• _What this task involves_
After locating the line that holds "Here's a cute", repeat it and each following line exactly until the material ends, skipping pictures.

• _Provided data_
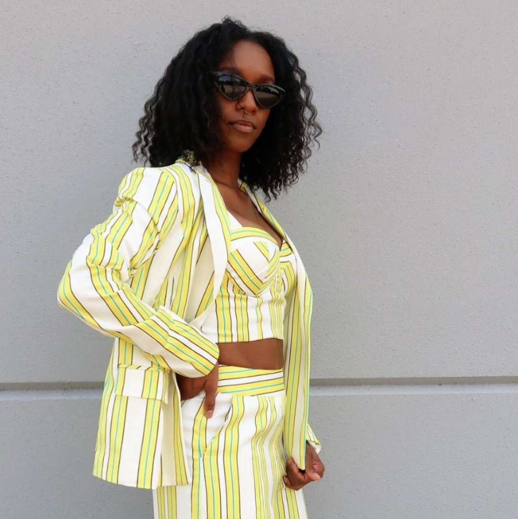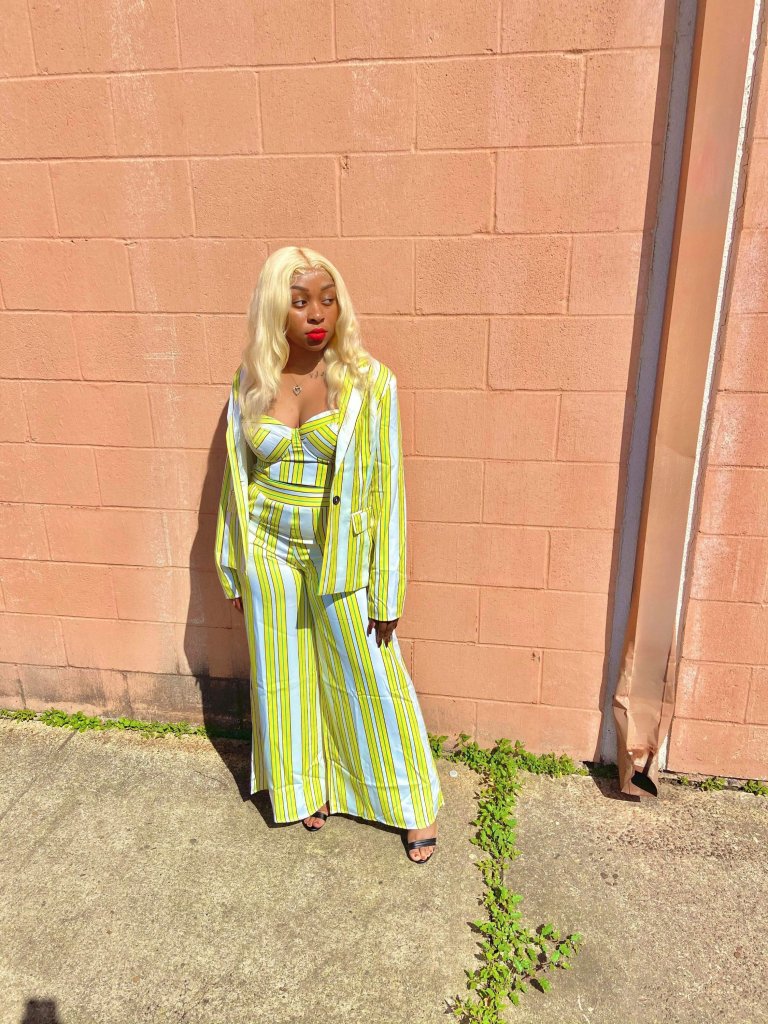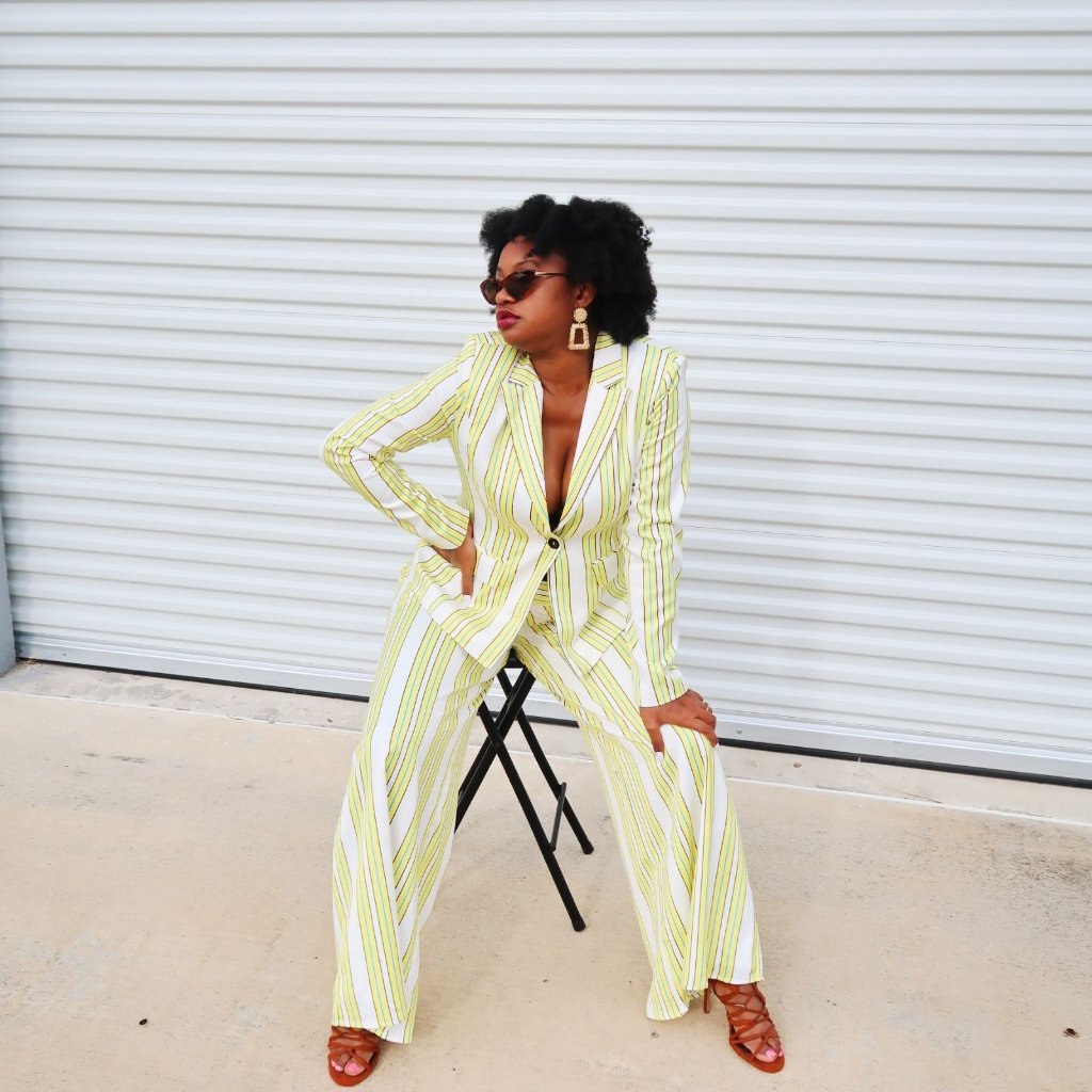 Destined to stand out in the sea of black, blue and gray suits! This suit set is bold in style and design! The yellow and green candy stripes paired with the bustier crop top of the same print will steal the scene every time! High waist wide leg trousers adds dimension while keeping it sensual. Show them you mean business in the boldest, most colorful way!
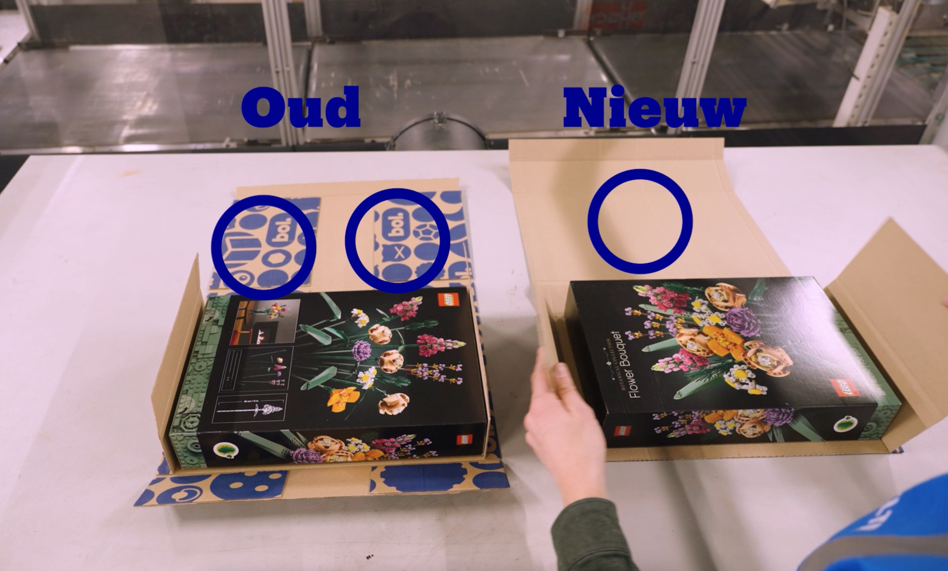 Bol bouwt zijn inpakmachines voor bestellingen van één artikel om, waardoor ze veel minder karton en lijm verbruiken. Dankzij de verbeterde techniek wordt 27% minder karton en 60% minder lijm gebruikt, en 28% CO2-uitstoot per pakket bespaard. Zo’n 25% van alle pakketten die dagelijks worden verwerkt in het bol fulfilment center (BFC) in Waalwijk, worden ingepakt door deze zogenoemde mono-inpakmachines. Bol is de eerste e-commercepartij in Europa die deze nieuwe ombouwtechnologie in samenwerking met fabrikant CMC toepast op de bestaande inpakmachines.
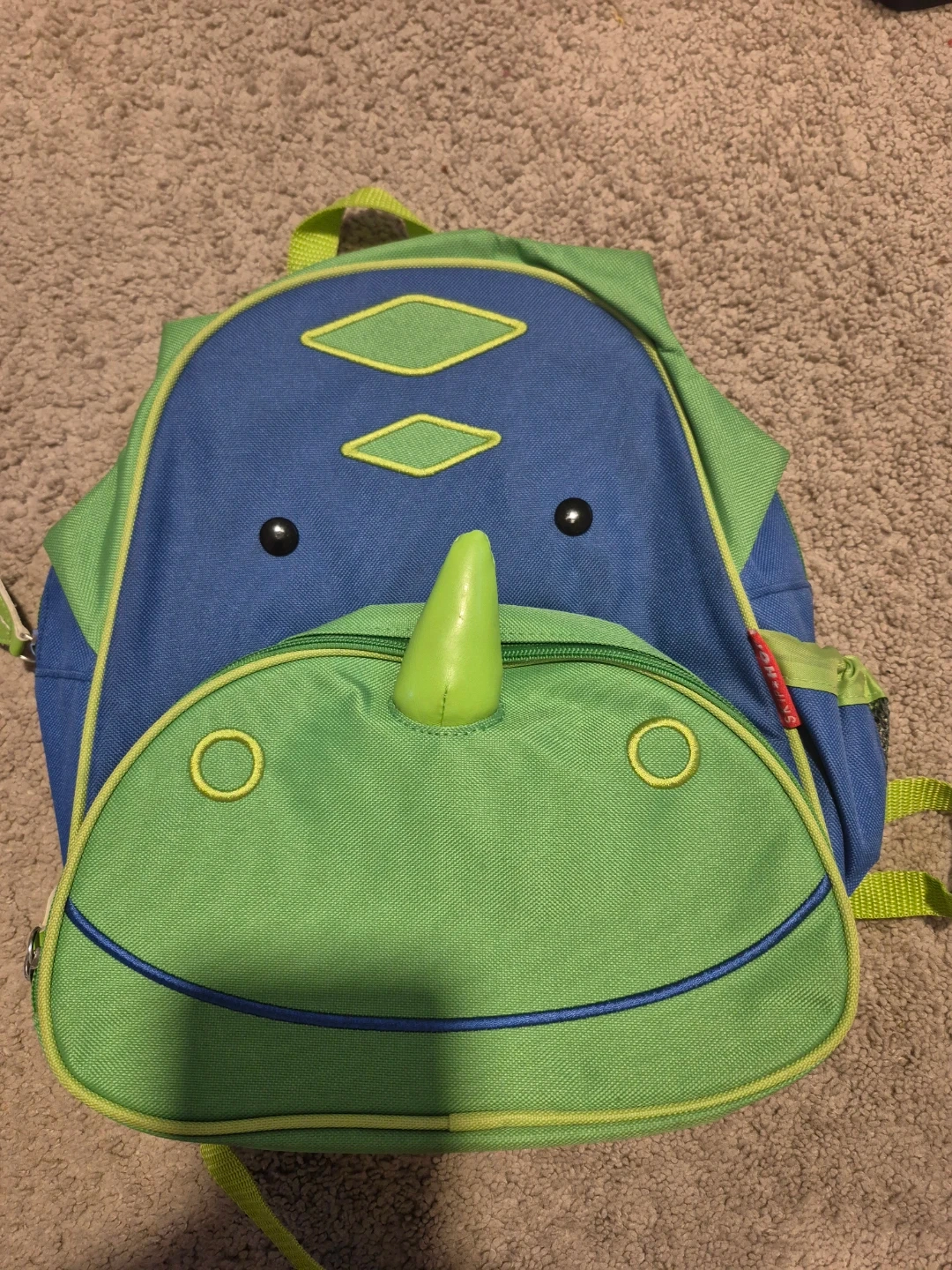 Here's a cute Skip Hop Zoo dinosaur backpack! It's in great condition and perfect for your little one. The backpack features a fun dinosaur design with vibrant blue and green colours. It's the perfect size for toddlers and preschoolers to carry their essentials.
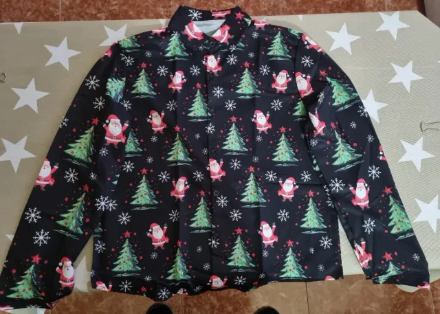 Camisa Navideña Negra Papá Noel

• _Answer below_
 Here's a cute Skip Hop Zoo dinosaur backpack! It's in great condition and perfect for your little one. The backpack features a fun dinosaur design with vibrant blue and green colours. It's the perfect size for toddlers and preschoolers to carry their essentials.
 Camisa Navideña Negra Papá Noel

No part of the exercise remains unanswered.